_Exercise materials_
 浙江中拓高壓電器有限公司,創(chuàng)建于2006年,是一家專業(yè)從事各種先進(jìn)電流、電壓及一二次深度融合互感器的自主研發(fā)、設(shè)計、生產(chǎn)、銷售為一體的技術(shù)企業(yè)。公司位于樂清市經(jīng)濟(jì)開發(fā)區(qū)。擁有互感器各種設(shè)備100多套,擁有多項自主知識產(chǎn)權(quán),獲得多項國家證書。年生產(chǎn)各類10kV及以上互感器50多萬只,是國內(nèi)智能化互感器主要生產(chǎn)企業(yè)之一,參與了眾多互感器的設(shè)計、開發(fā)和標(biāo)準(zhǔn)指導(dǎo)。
---
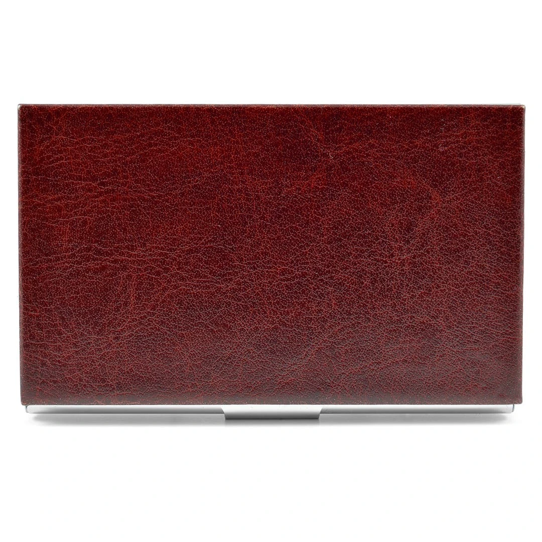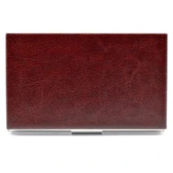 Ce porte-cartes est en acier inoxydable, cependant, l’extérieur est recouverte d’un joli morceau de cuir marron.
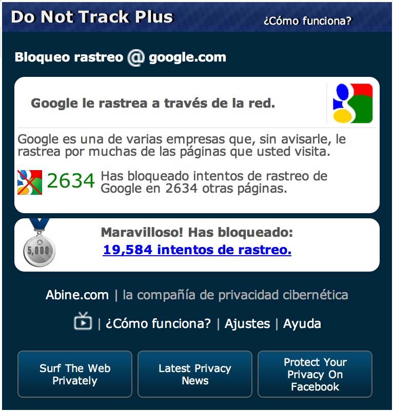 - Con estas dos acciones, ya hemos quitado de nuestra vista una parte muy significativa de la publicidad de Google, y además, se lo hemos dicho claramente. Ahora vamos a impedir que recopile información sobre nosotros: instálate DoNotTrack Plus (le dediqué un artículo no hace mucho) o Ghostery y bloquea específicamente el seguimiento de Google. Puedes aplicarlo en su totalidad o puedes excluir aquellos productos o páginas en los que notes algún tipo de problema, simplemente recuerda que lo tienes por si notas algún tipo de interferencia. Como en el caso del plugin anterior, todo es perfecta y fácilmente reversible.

_Task details_
Using the records above, repeat exactly the run of lines that starts with the line with "Ce porte-cartes est" and goes on through the line with "- Con estas"; omit each picture.

_Answer for the task_
 Ce porte-cartes est en acier inoxydable, cependant, l’extérieur est recouverte d’un joli morceau de cuir marron.
 - Con estas dos acciones, ya hemos quitado de nuestra vista una parte muy significativa de la publicidad de Google, y además, se lo hemos dicho claramente. Ahora vamos a impedir que recopile información sobre nosotros: instálate DoNotTrack Plus (le dediqué un artículo no hace mucho) o Ghostery y bloquea específicamente el seguimiento de Google. Puedes aplicarlo en su totalidad o puedes excluir aquellos productos o páginas en los que notes algún tipo de problema, simplemente recuerda que lo tienes por si notas algún tipo de interferencia. Como en el caso del plugin anterior, todo es perfecta y fácilmente reversible.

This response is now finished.